(Exercise)
What is needed is the full listing written out exactly, minus the pictures.

(Source material)
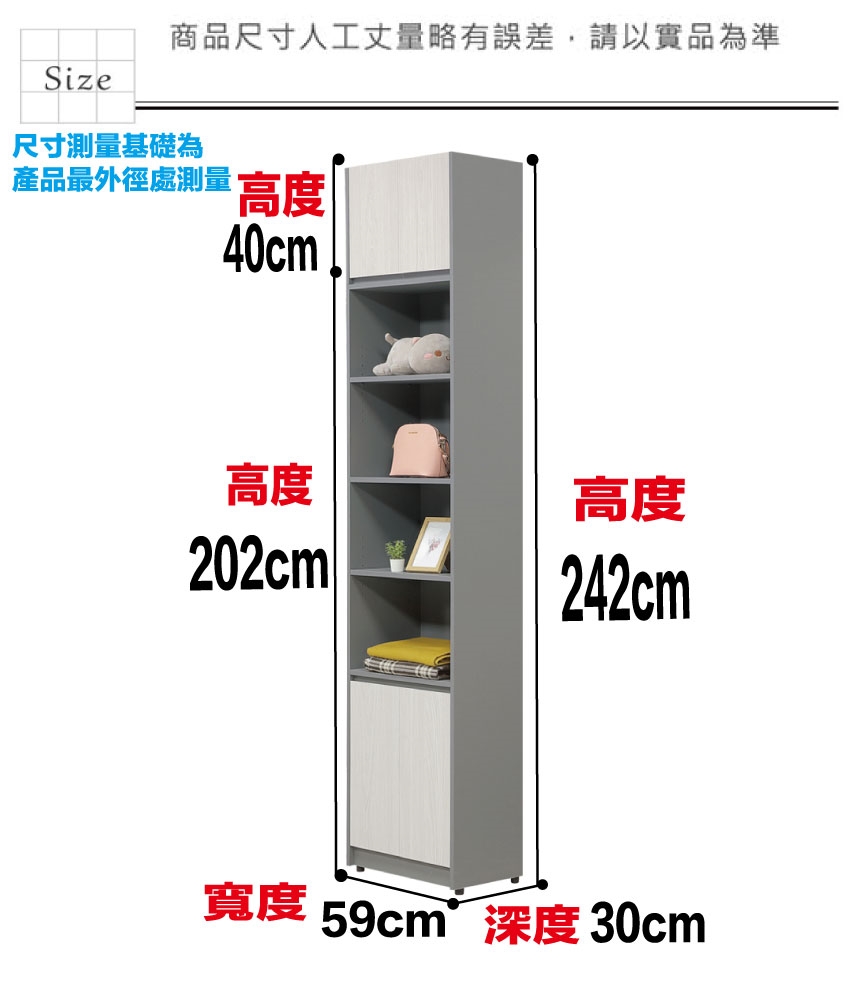 - ◆產品名稱:【綠家居】維斯2尺四門中空加高衣櫃組合
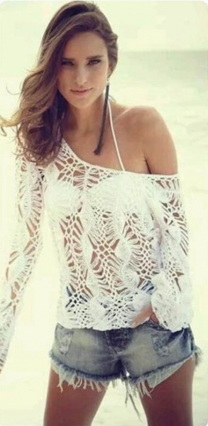 As blusas em crochê não poderão faltar pois dão um charme a mais, mesmo usando aquele shorts jeans.
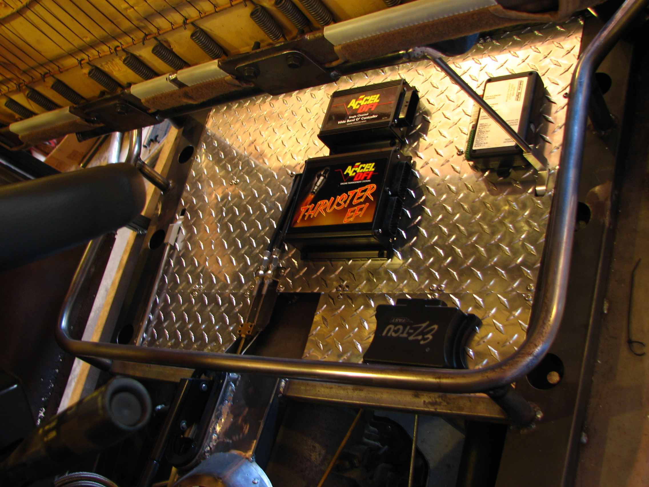 Well I got the carbed motor fired up here in October and then built a "subfloor" under my seat to help me run the wiring so I can mount my 4 computers under there and get the wiring somewhat sanitary,

(Written response)
 - ◆產品名稱:【綠家居】維斯2尺四門中空加高衣櫃組合
 As blusas em crochê não poderão faltar pois dão um charme a mais, mesmo usando aquele shorts jeans.
 Well I got the carbed motor fired up here in October and then built a "subfloor" under my seat to help me run the wiring so I can mount my 4 computers under there and get the wiring somewhat sanitary,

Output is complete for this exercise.